American Trucking Ass'ns, Inc. v. City of Los Angeles, 569 U.S. 641 (2013), was a case in which the Supreme Court of the United States held that certain regulations imposed by City of Los Angeles on trucking companies were preempted by federal law. In 2006 the Board of Harbor Commissioners for Los Angeles, California adopted an environmental protection plan that included an effort called Clean Truck Program (CTP). The stated goal of the program is to "reduce negative impacts that port [trucking] inflicts on the local community." The implementation of this program began in 2007 and required trucking companies to comply with various requirements relating to maintenance of trucks, employment of drivers, and trucking operations.
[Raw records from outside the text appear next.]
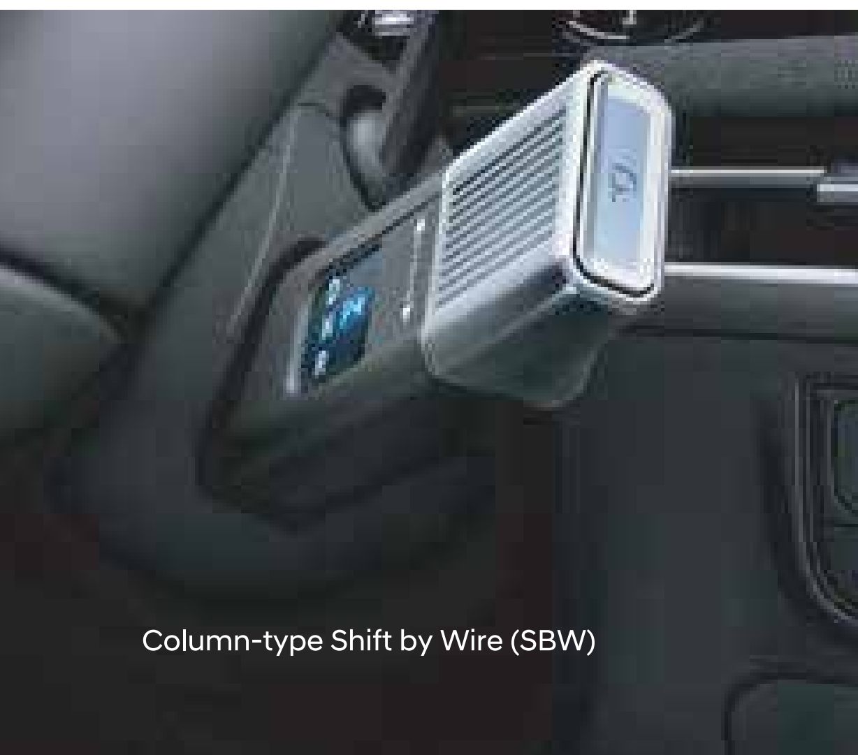
Column-type Shift by Wire (SBW)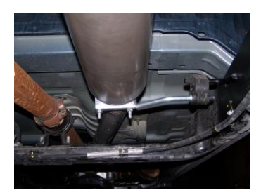
5. Next, install front muffler hanger #E onto muffler. Insert hanger into rubber grommets. Do not tighten.

8. Install stainless steel tip. Clamp down. When you have everything in place, firmly tighten all bolts and clamps down securely. Use stainless steel cleaner and a Scotch Brite pad weekly to prevent tip from discoloration. Inspect all fasteners after 25-50 miles of operation and re-tighten as necessary.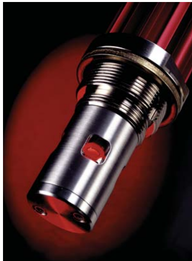
Optional 316 SS sensor housing for applications with high corrosives

A number of different corrosion resistant mirror and sensor housing materials are available, to withstand aggressive sample components in the harshest of applications. High temperature (up to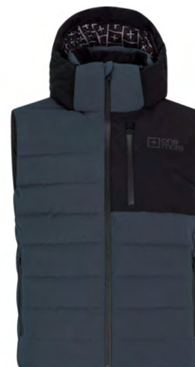
GRIGIO / BLK / BLK 9HBB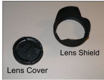
Lens Cover Lens Shield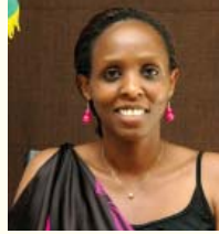
Dr. KALIBATA Agnes MINAGRI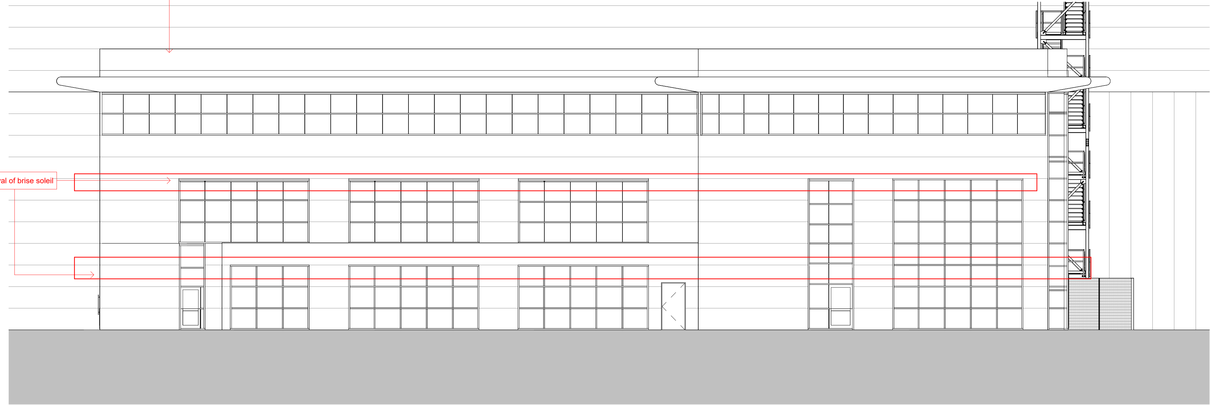
S Existing ancillary office - Proposed South Elevation 1 : 100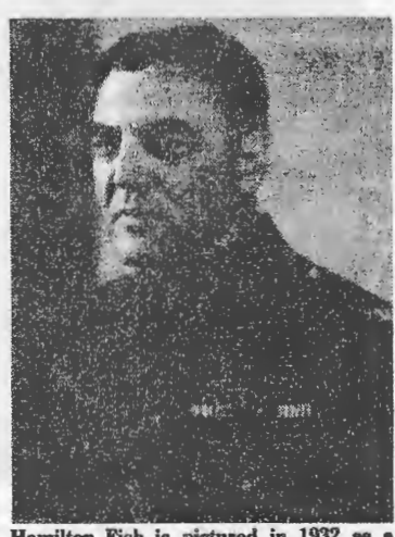
Hamilton Fish is pictured in 1932 as a colonel in the Army Reserves.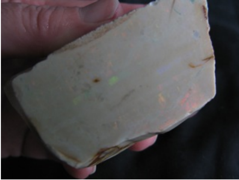
21. $820 IMG_1590 Andamooka Untreated Matrix Reds, Golds some Blues 60mm x 35mm x 30mm thick $200/oz 4.1oz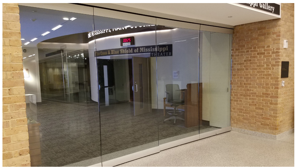
MISSISSIPPI CIVIL RIGHTS MUSEUM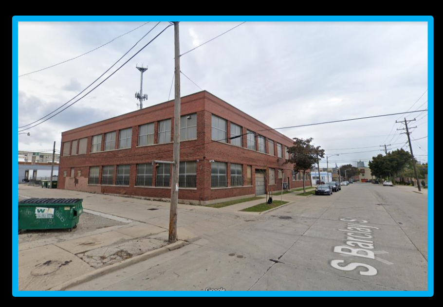
View from South Barclay Street looking north-west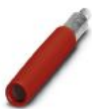
Female test connector, color: red

Female test connector - PSBJ-URTK 6 RD - 3026719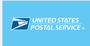
Reversed corporate signature + light blue

The American Trucking Associations believed some of the regulations were in violation of the Federal Aviation Administration Authorization Act of 1994 (FAAAA) and filed suit. Litigation eventually made its way up to the Supreme Court of the United States, where the Court held that two of the requirements of the CTP were in violation of the FAAAA.